Так и Блойд. В Крепость он попал таким, как первый ребенок – деятельным, активным и подвижным. Но чтобы не сойти с ума, ему нужно было стать вторым – апатичным, вялым и безразличным. И организм потихоньку стал приспосабливаться к тем условиям, в которых он оказался. Ненужные ему органы начали незаметно отмирать, мышцы стали слабеть и дряхлеть, энергия иссякать.
Увидев себя таким, Блойд ужаснулся. Он понял, что сам понемногу убивает себя, лишая шансов на спасение. Если даже предположить, что все стоящие у него на пути препятствия исчезнут, если вдруг все удастся, грош всему этому цена, если он просто не сможет преодолеть вплавь расстояние, отделяющее его от спасительного корабля. А он не сможет. Для этого нужны сила и выносливость, которых в его ослабевших членах почти не осталось.
И Блойд заставил себя трудиться над своим телом. Каждый день он изнурял его упражнениями. И тяжесть оков послужила ему во благо. Он тренировал свои руки и плечи, всеми возможными способами поднимая и опуская цепи – то к груди, то к подбородку, то над головой, то одной рукой, то сразу двумя, то спереди, то сзади, за спиной.

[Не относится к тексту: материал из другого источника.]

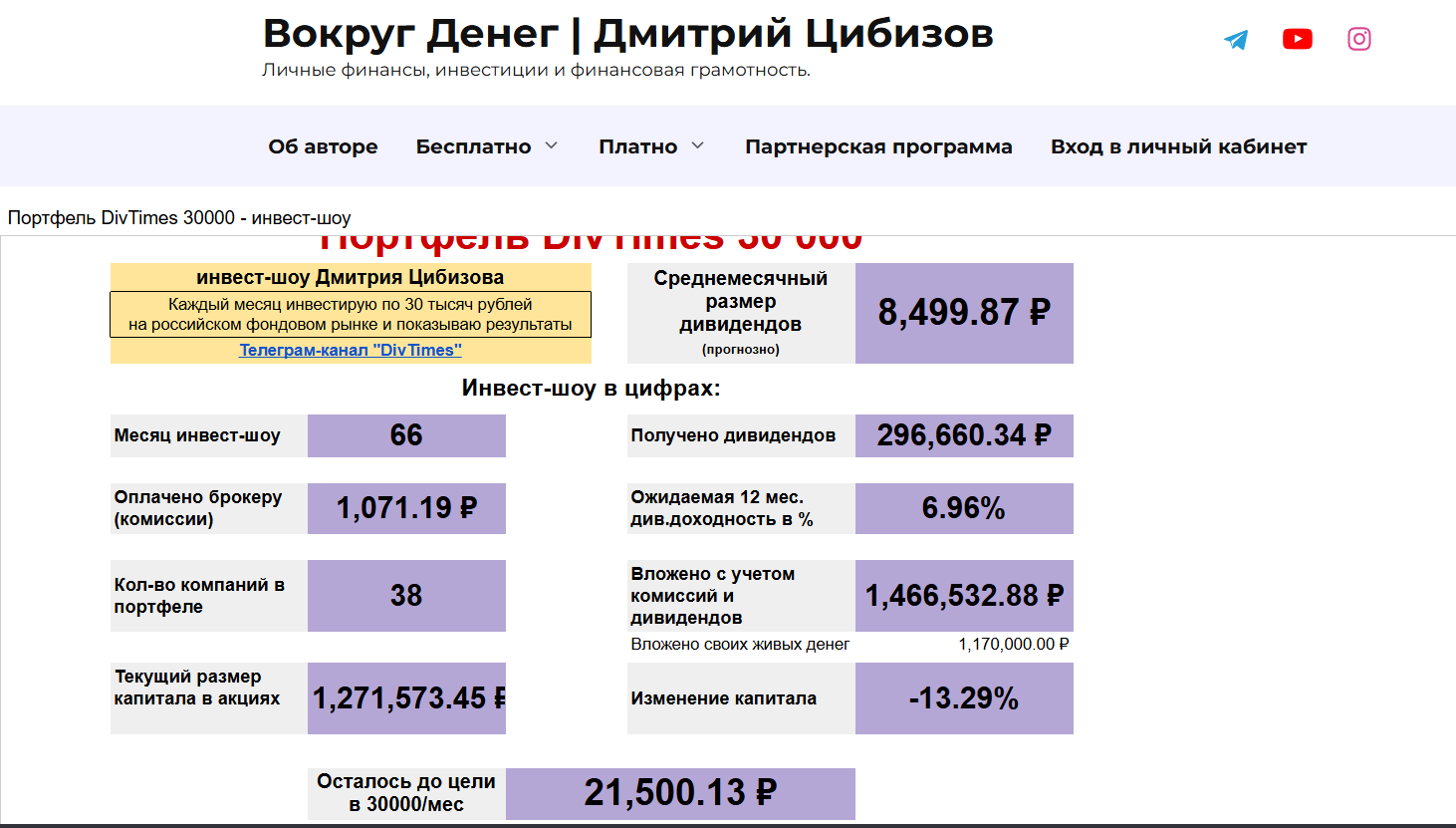 На сайте Fb VokrugDeneg com Дмитрий рассказывает, как прошел долгий путь, который позволил создать десятки источников пассивных доходов. В качестве доказательств инвестор предоставляет статистику за 66 месяцев, но она показывает недостаточную эффективность, так как роста практически нет.

Он приседал и отжимался, закинув цепи на плечи, качал пресс, держа свои железяки за головой. И это начало приносить плоды. Тело его вновь обретало былую силу и пружинистость, мышцы крепли и становились упругими.
Да, Блойд научился жить со своими цепями, научился обращать их к своей пользе, научился не замечать их, когда это было необходимо. Он научился делать с ними все. Только одной вещи ему никогда с ними не научиться – плавать. А это значит, что от оков надо было избавиться. Избавиться любой ценой, во что бы то ни стало.
Снова и снова прокручивая в голове возможные варианты, Блойд неизменно мыслями возвращался к одному единственному человеку, способному освободить его от осточертевшего металла. Этим человеком был Бен Торн – комендант Крепости. Только его воля могла что-то изменить. Только он мог выдать Блойду билет на свободу. Он же мог и навсегда лишить его этого шанса.
Что может заставить Торна дать спасительный для Гута приказ снять с заключенного цепи? Блойд раз за разом задавал себе этот вопрос и раз за разом не находил достойных аргументов. «Это бесполезно, – в конце концов решил для себя Блойд, – я могу годами сидеть и выдумывать причины, которые заставят Торна снять с меня эти железяки, но так ничего и не придумать. А вдруг и выдумывать ничего не надо? Кто знает, может, он просто в тот раз был не в настроении или просто проверял меня, а теперь пойдет навстречу без всяких причин и условий? А может, он сам в этот раз озвучит условия? Вдруг алчность возьмет-таки верх? Или сострадание? Ведь, не исключено же такое? А может, в ходе разговора появится что-то такое, за что можно зацепиться? Да мало ли что может быть! Или вообще все это зря, и он попросту не захочет меня видеть? Все мои умозаключения тогда вообще яйца выеденного не стоят. Все! Хватит! Хватит терзаться и мучиться! Пора действовать!».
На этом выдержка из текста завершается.